Even though Tralfamadorians would state he still lives in other periods of time, it is still a damn loss.

[url=http://edition.cnn.com/2007/SHOWBIZ/books/04/12/obit.vonnegut.ap/ said:
CNN[/url]]NEW YORK (AP) -- Kurt Vonnegut, the satirical novelist who captured the absurdity of war and questioned the advances of science in darkly humorous works such as "Slaughterhouse-Five" and "Cat's Cradle," died Wednesday. He was 84.

Vonnegut, who often marveled that he had lived so long despite his lifelong smoking habit, had suffered brain injuries after a fall at his Manhattan home weeks ago, said his wife, photographer Jill Krementz.

The author of at least 19 novels, many of them best-sellers, as well as dozens of short stories, essays and plays, Vonnegut relished the role of a social critic. He lectured regularly, exhorting audiences to think for themselves and delighting in barbed commentary against the institutions he felt were dehumanizing people.

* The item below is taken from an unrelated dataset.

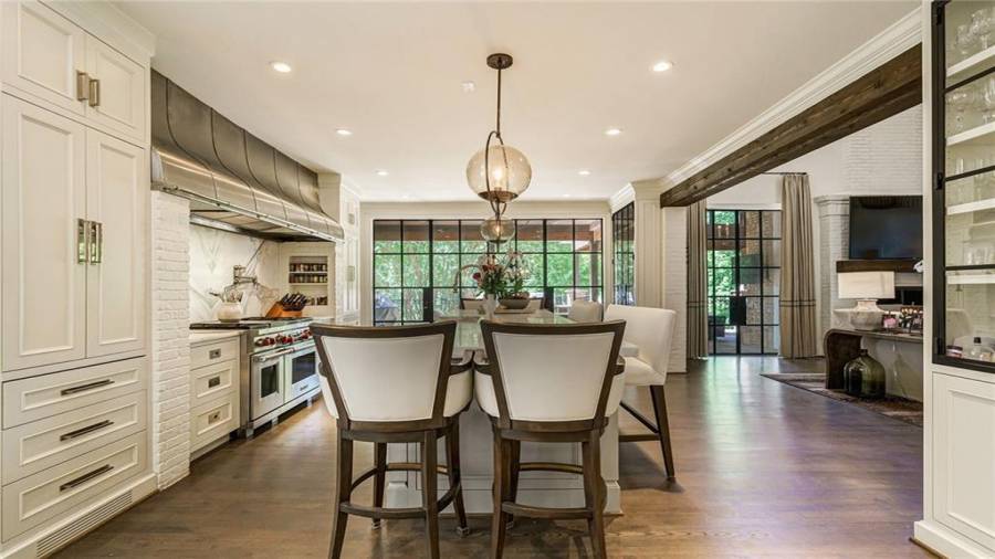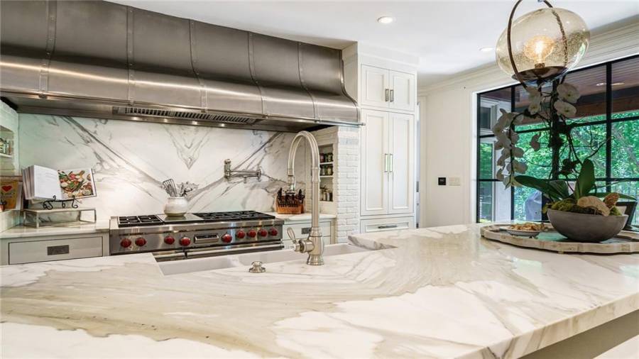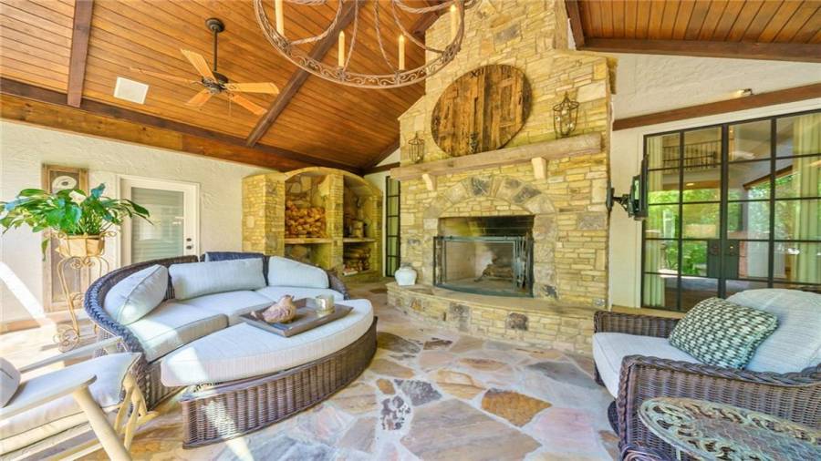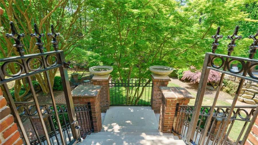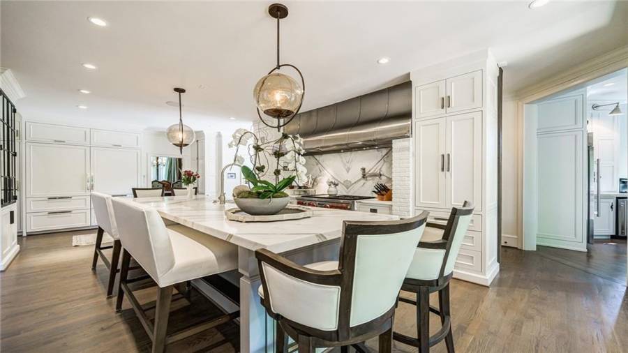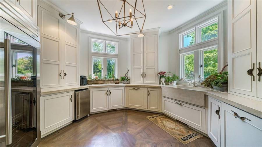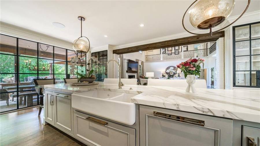 Exceptional Estate on 2 acres, gated with pool and tennis. A graceful family home that has been renovated with the finest materials. The elegant kitchen features an oversized island of calcutta gold marble, custom stainless steel hood, new appliances and cabinetry with special inset hardware and iron details. The breathtaking kitchen flows seamlessly into a fireside family room. New iron windows and doors across the back open to expansive covered loggia with outdoor fireplace, overlooking pool with waterfall and slide. This is a fun home, lots of room to entertain, with

"I will say anything to be funny, often in the most horrible situations," Vonnegut, whose watery, heavy-lidded eyes and unruly hair made him seem to be in existential pain, once told a gathering of psychiatrists.

A self-described religious skeptic and freethinking humanist, Vonnegut used protagonists such as Billy Pilgrim and Eliot Rosewater as transparent vehicles for his points of view. He also filled his novels with satirical commentary and even drawings that were only loosely connected to the plot. In "Slaughterhouse-Five," he drew a headstone with the epitaph: "Everything was beautiful, and nothing hurt."

God bless you, mr Vonnegut.
 
To whom it may concern:
I loved him.
He was my hero.
He will be sadly missed.

For him.

-- alec, smoking a cigarette
 
Sad day, rest in peace mr Vonnegut. You will live on through all those wonderful books you've written.

Strange, because I started reading bluebeard 2 days ago :?
 
just read one of his books. too bad he died, but then again, his life has been more than eventful enough. sleep tight, Kurt.

Hi ho.
 
I know I've posted in this thread already, and I can't say I'm really shocked about his sudden death. He was - after all - an octogenarian and octogenarians can theoretically drop dead just like that, but I'm genuinely saddened because he was my favourite author and one of the few people I looked up to. One of my heroes. I'm not kidding.
Most of my heroes are dead now. Charles M. Schulz. Charlie Chaplin. Kurt Cobain. James Thurber. Henry David Thoreau. Graham Laidler. And now Kurt Vonnegut.
Only three of my heroes are still roaming this earth: Woody Allen, Jules Feiffer and Thom Yorke. Thank Gawd they're still creative and blowing my mind. Thank Gawd Jules Feiffer was one of Vonnegut's best friends and will keep him alive for me a little longer.
I've been re-reading excerpts of most of Vonnegut's books the last two days. Laughing my arse off when he's at his wittiest, trying to cough up that nasty lightbulb feeling in my throat when he is successfully moving his readers to tears. He was so talented, it made me jealous. But it was a healthy kind of jealousy. The kind of jealousy you can't do without. The kind of jealousy that makes you grow and try harder.
I discovered his works when I was still a teenager. Pick's, a second-hand bookstore in Ostend, had some of his evergreens (Slaughterhouse 5, Slapstick or Lonesome No More!, God Bless You, Mr. Rosewater, ...) and it was love at first sight. Here was someone who dared to speak up, raise his voice in a pleasurable way with irresistable humor and a breathtaking imagination. I thank him for that. I remember reading Breakfast Of Champions with a torchlight in bed when I was 15 or 16. I remember quoting excerpts from Timequake and Hocus Pocus to my stoner buddies when I was still a university student. I remember looking for comfort in Cat's Cradle and finding it in stupid Bokonian poems like

I wanted all things
To seem to make sense,
So we all could be happy, yes,
Instead of tense.

And I made up lies
So that they all fit nice,
And made this sad world
A par-a-dise.

I will miss this old geezer more than I miss my parents, and you can quote me on that. I will treat the 18 masterpieces in my bookcase (I miss only one, the pretty hard to find 'Jailbird') like relics from a better time and a better world. Vonnegut tried to open our eyes for coming disasters at a time when Al Gore was still a nobody and criminals like Bush, Dick and Colon were still sniffing coke and sipping Single Malt behind the wheels of their cars. We still had time to change back then. We still had time to choose a different course, but those days have gone. Soon it'll be game over. Vonnegut knew that and everyone who has some common sense left, knows that as well. One can only imagine the sad grin on his face when he sees how we fuck up. For good.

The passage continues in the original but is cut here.